PROVIDED DATA: Begin

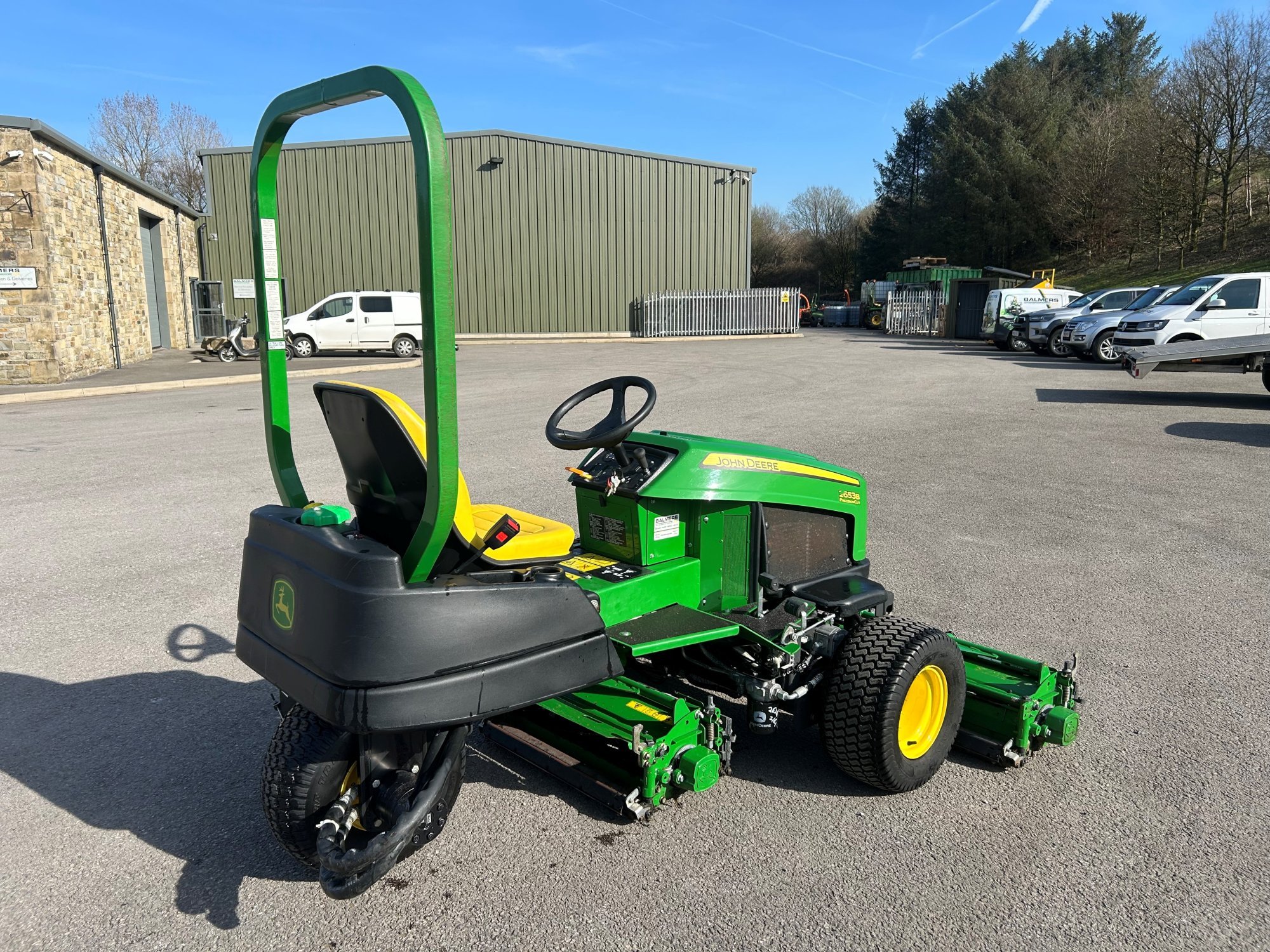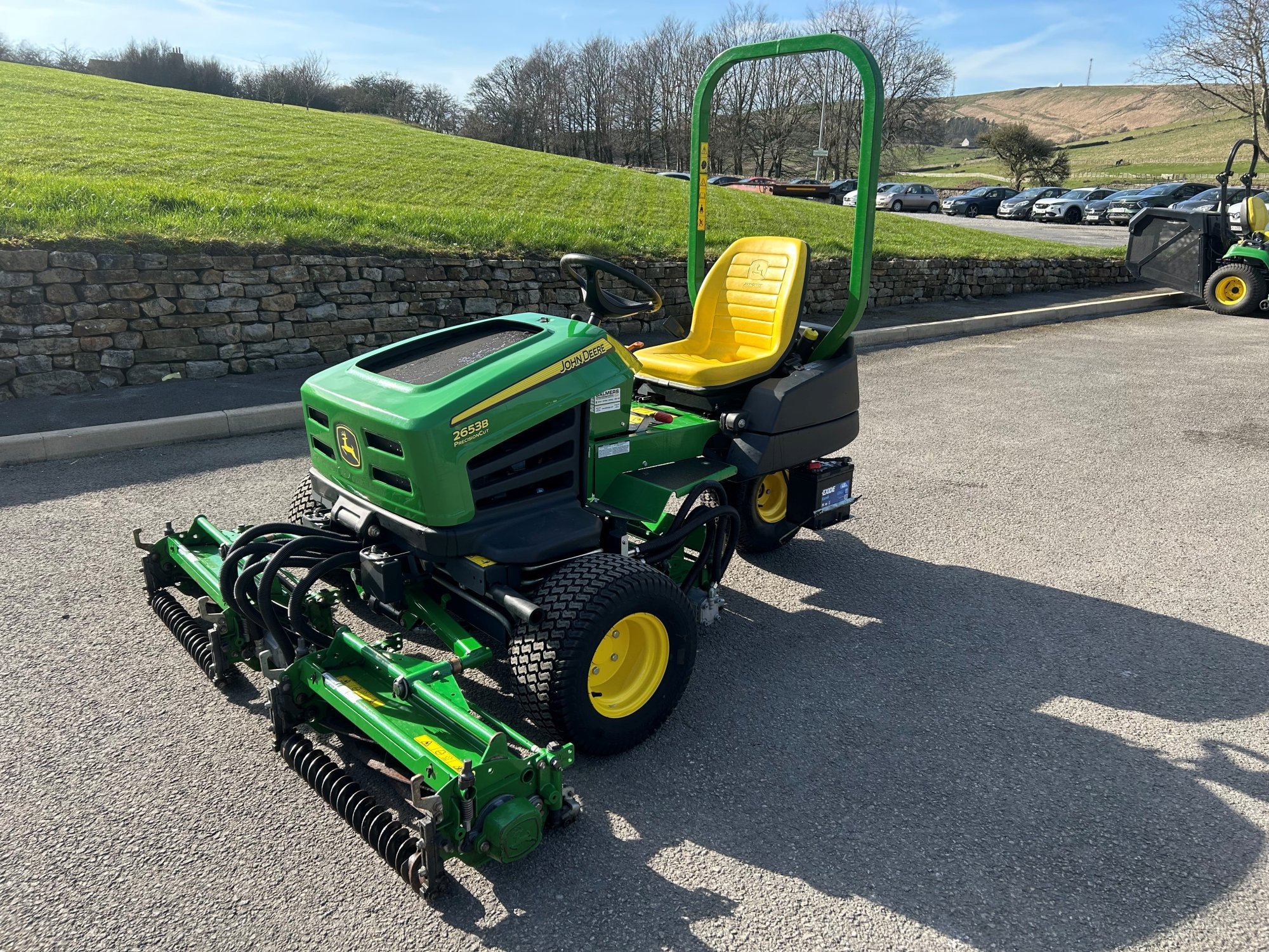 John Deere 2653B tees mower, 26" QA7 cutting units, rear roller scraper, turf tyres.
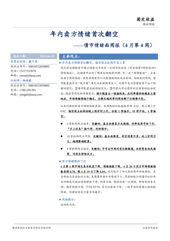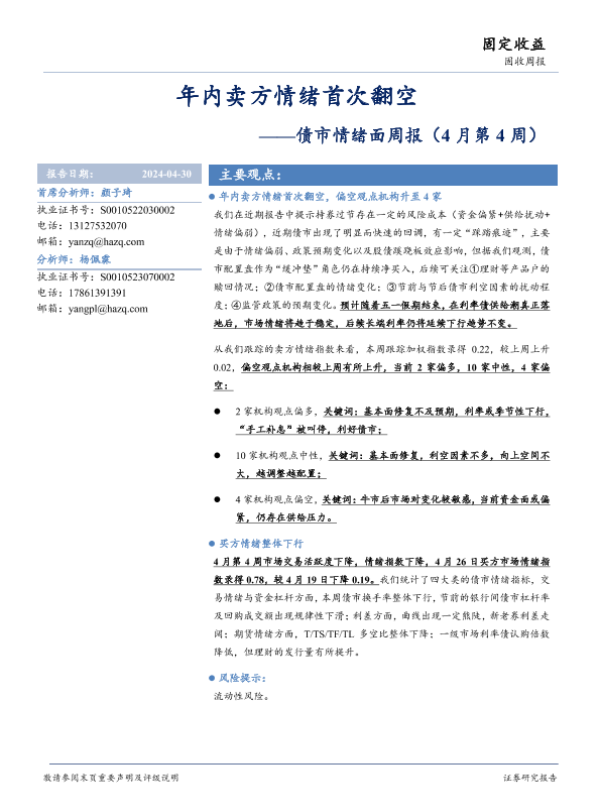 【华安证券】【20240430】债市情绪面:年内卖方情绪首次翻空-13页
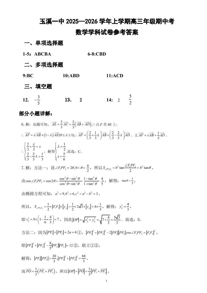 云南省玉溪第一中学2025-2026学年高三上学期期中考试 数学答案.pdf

PROVIDED DATA: End
PROVIDED DATA: Begin

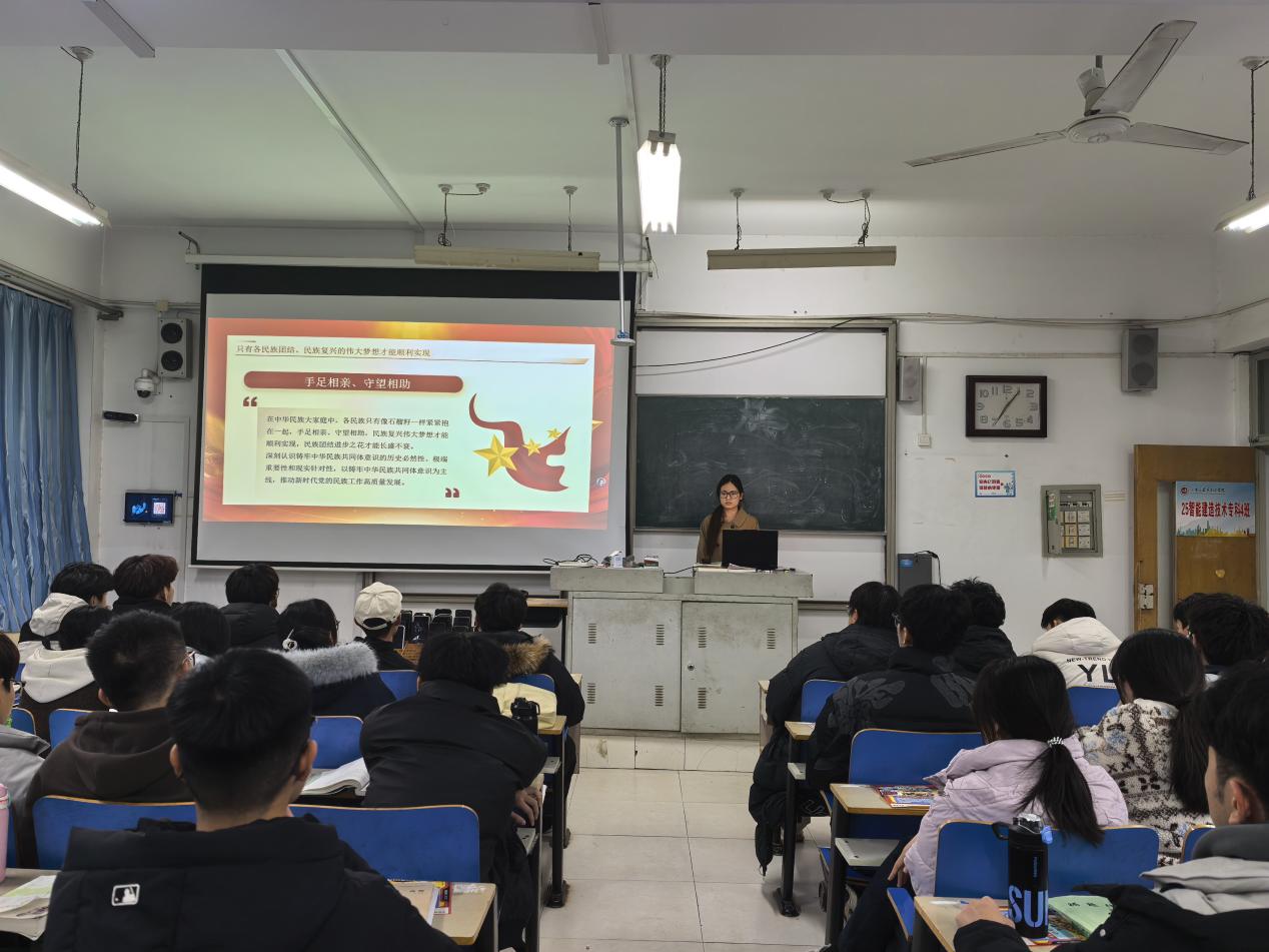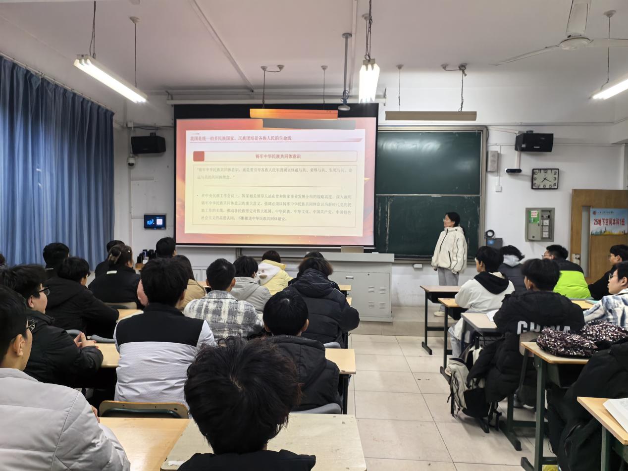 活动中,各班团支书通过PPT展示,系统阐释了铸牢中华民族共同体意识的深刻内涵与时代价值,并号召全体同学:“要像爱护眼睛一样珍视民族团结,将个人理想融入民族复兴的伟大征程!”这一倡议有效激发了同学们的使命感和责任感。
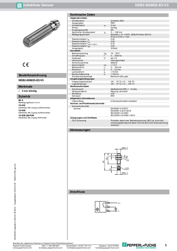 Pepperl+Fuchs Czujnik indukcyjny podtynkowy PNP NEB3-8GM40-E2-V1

PROVIDED DATA: End
PROVIDED DATA: Begin

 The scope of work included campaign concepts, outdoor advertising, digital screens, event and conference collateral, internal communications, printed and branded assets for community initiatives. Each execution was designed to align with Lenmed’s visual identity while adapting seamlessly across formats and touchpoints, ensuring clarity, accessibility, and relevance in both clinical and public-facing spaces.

PROVIDED DATA: End

* [WHAT THE TASK ASKS] Pictures in the material above should be skipped; print exactly the lines from the one with "John Deere 2653B" through the one with "云南省玉溪第一中学2025-2026学年高三上学期期中考试 数学答案.pdf".

* [SOLUTION TO THIS TASK]
 John Deere 2653B tees mower, 26" QA7 cutting units, rear roller scraper, turf tyres.
 【华安证券】【20240430】债市情绪面:年内卖方情绪首次翻空-13页
 云南省玉溪第一中学2025-2026学年高三上学期期中考试 数学答案.pdf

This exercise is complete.